_Brief:_ Print the material below exactly as it stands, please, from its first line to the line holding "Press the indicator", with no pictures.

Content starts

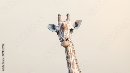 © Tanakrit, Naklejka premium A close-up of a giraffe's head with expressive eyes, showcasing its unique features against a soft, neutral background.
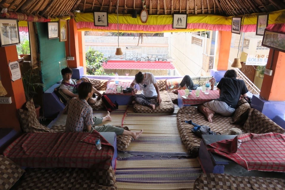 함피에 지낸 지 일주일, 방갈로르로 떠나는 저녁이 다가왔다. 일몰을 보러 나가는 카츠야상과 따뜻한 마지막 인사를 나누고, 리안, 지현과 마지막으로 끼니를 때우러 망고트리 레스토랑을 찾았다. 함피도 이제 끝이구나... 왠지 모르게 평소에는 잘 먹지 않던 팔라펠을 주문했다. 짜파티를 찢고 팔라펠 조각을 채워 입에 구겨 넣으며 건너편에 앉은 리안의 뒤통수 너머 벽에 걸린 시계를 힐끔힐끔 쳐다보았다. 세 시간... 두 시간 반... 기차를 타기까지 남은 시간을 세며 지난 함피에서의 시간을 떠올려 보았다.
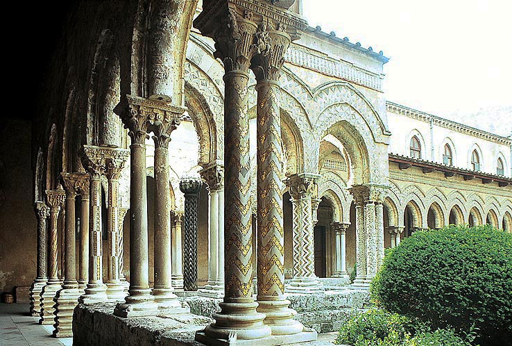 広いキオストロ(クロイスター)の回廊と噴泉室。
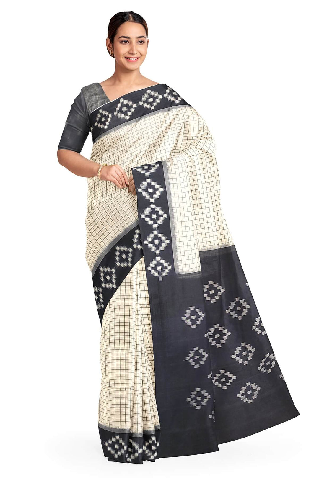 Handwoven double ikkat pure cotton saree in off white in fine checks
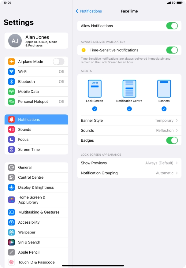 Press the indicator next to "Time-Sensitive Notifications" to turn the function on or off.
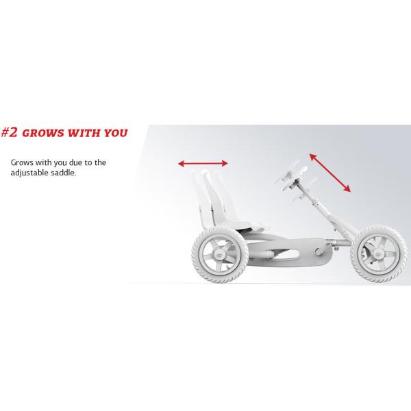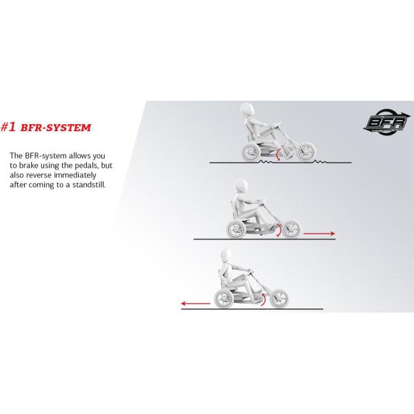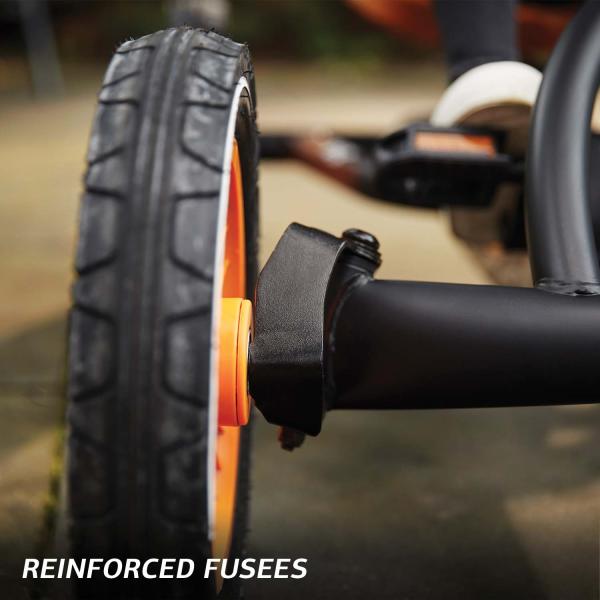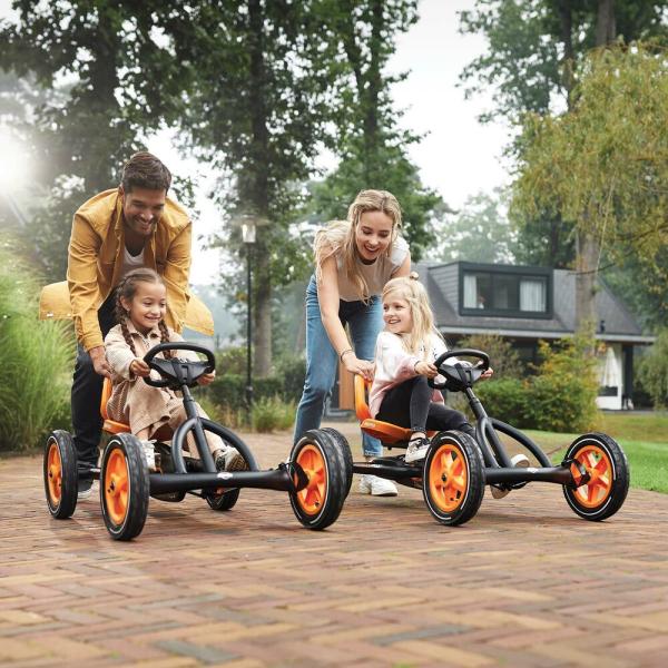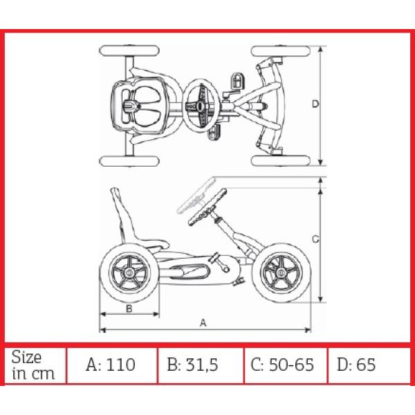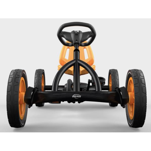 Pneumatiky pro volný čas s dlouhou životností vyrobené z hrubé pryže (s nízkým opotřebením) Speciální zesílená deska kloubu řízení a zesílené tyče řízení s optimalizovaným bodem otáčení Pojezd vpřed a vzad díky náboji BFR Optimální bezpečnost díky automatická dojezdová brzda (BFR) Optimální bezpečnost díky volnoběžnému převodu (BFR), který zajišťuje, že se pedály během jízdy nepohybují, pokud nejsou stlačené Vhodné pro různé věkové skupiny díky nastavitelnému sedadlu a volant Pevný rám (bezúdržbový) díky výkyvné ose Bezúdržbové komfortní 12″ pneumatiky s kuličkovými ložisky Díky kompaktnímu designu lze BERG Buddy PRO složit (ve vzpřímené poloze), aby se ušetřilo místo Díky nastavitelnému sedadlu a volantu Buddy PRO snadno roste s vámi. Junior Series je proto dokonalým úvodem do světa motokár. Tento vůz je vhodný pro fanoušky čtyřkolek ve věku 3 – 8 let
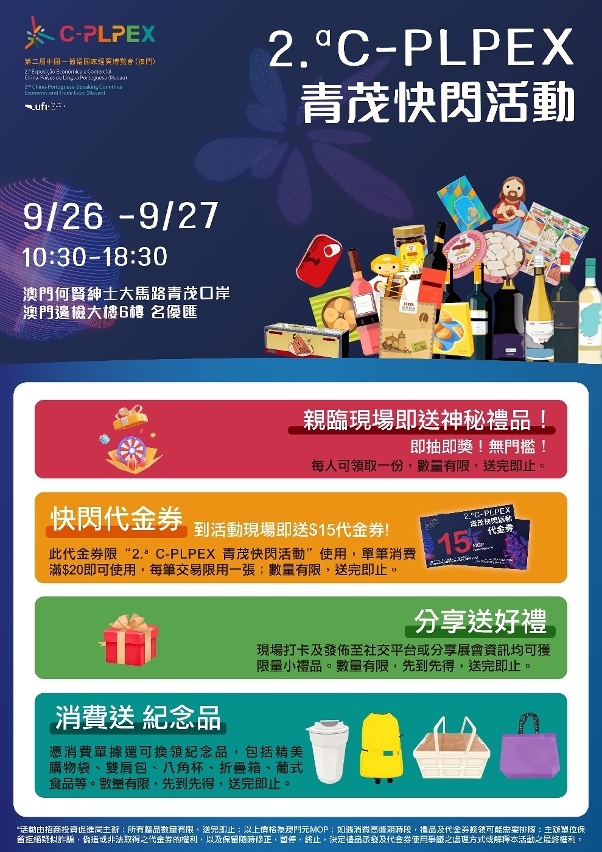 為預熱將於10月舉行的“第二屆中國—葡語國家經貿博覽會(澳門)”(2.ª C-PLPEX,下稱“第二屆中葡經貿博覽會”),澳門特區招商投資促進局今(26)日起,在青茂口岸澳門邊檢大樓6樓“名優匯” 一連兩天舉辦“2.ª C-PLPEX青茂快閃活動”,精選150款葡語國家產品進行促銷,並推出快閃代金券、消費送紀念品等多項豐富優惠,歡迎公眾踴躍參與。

Content ends

_Written solution:_
 © Tanakrit, Naklejka premium A close-up of a giraffe's head with expressive eyes, showcasing its unique features against a soft, neutral background.
 함피에 지낸 지 일주일, 방갈로르로 떠나는 저녁이 다가왔다. 일몰을 보러 나가는 카츠야상과 따뜻한 마지막 인사를 나누고, 리안, 지현과 마지막으로 끼니를 때우러 망고트리 레스토랑을 찾았다. 함피도 이제 끝이구나... 왠지 모르게 평소에는 잘 먹지 않던 팔라펠을 주문했다. 짜파티를 찢고 팔라펠 조각을 채워 입에 구겨 넣으며 건너편에 앉은 리안의 뒤통수 너머 벽에 걸린 시계를 힐끔힐끔 쳐다보았다. 세 시간... 두 시간 반... 기차를 타기까지 남은 시간을 세며 지난 함피에서의 시간을 떠올려 보았다.
 広いキオストロ(クロイスター)の回廊と噴泉室。
 Handwoven double ikkat pure cotton saree in off white in fine checks
 Press the indicator next to "Time-Sensitive Notifications" to turn the function on or off.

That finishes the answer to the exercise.